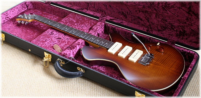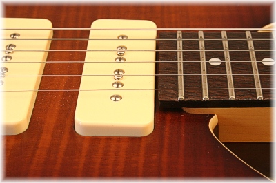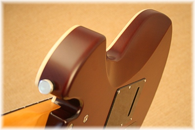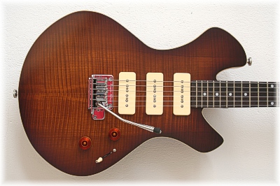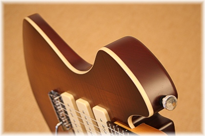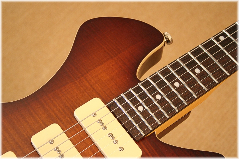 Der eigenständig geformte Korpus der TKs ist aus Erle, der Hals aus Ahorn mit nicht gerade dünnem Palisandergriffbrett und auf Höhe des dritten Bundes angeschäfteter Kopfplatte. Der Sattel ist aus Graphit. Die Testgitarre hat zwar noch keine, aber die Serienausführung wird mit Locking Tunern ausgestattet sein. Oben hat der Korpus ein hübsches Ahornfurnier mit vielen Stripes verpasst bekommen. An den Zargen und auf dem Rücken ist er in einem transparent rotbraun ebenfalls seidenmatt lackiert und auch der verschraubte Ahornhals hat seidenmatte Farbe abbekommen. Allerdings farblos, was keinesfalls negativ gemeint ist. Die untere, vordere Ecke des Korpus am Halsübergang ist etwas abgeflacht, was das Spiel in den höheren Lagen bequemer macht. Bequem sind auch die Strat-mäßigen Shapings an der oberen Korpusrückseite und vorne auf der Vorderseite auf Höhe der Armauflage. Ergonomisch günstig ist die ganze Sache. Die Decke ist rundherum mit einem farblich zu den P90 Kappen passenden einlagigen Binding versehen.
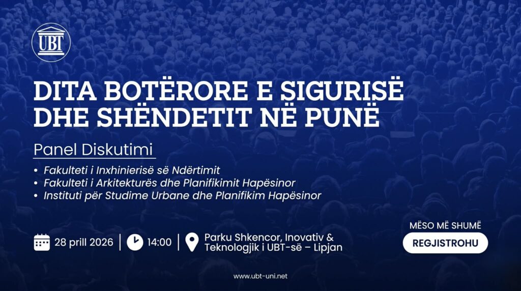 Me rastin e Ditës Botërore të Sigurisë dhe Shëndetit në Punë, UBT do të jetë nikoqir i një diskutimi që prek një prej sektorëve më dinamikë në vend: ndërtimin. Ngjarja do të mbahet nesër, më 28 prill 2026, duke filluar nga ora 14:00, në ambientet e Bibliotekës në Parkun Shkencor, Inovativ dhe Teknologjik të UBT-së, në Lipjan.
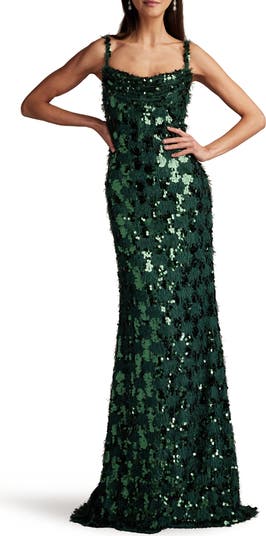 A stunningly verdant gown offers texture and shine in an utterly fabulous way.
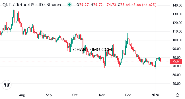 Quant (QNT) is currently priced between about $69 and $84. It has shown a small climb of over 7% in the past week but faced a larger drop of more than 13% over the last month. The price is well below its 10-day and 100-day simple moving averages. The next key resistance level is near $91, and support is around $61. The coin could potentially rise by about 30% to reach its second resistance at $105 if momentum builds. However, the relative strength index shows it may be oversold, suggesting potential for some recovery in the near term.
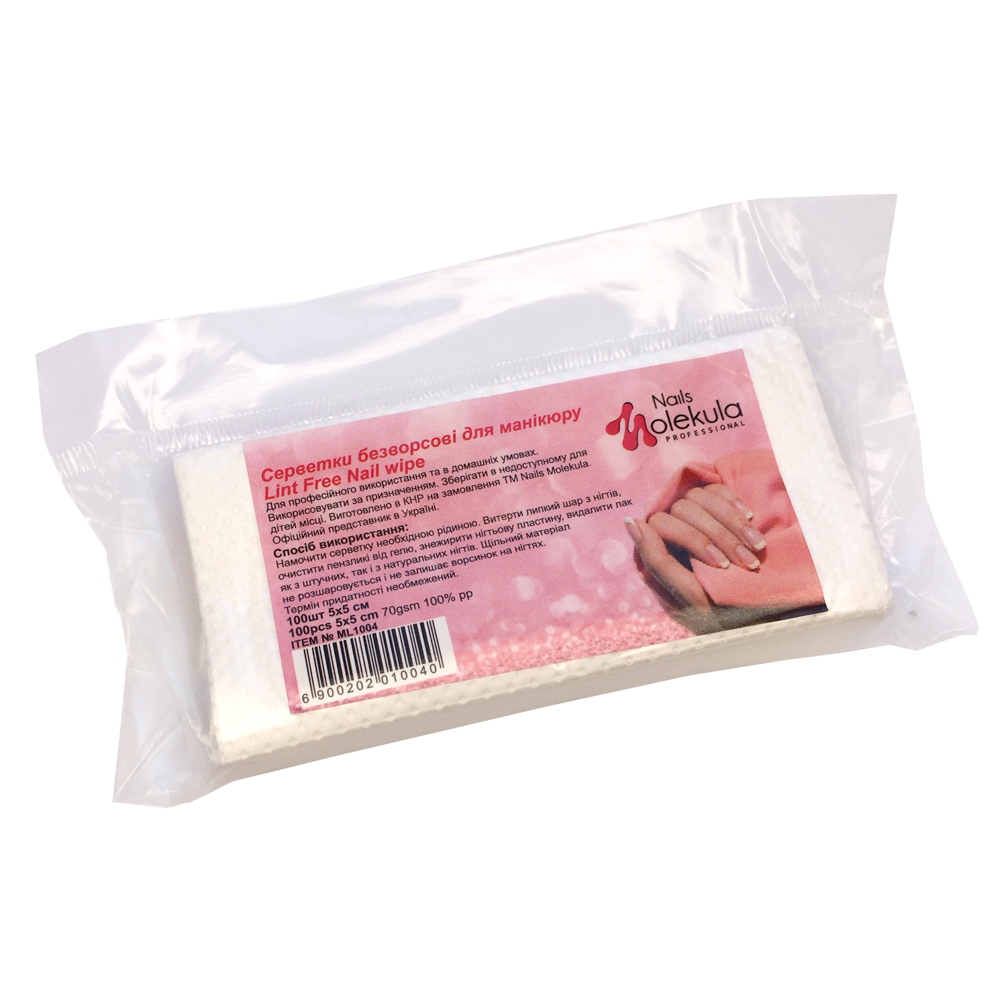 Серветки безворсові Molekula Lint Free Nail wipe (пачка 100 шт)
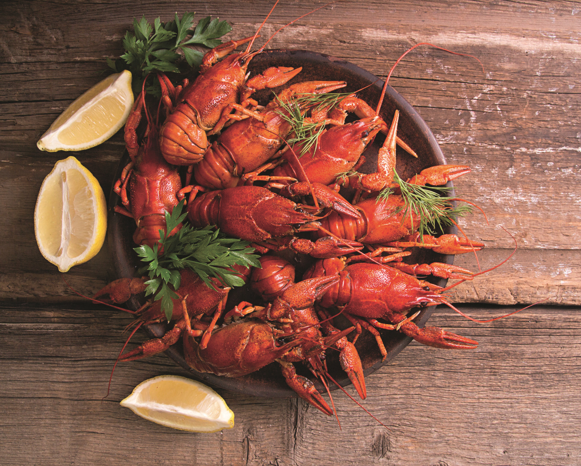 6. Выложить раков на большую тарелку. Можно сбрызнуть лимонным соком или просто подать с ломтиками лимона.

───

**WHAT IS REQUIRED**. Do not include pictures. Copy only the lines running from the line with "Quant (QNT) is" through the last line of the records, exactly as they appear.

**PROBLEM SOLUTION**.
 Quant (QNT) is currently priced between about $69 and $84. It has shown a small climb of over 7% in the past week but faced a larger drop of more than 13% over the last month. The price is well below its 10-day and 100-day simple moving averages. The next key resistance level is near $91, and support is around $61. The coin could potentially rise by about 30% to reach its second resistance at $105 if momentum builds. However, the relative strength index shows it may be oversold, suggesting potential for some recovery in the near term.
 Серветки безворсові Molekula Lint Free Nail wipe (пачка 100 шт)
 6. Выложить раков на большую тарелку. Можно сбрызнуть лимонным соком или просто подать с ломтиками лимона.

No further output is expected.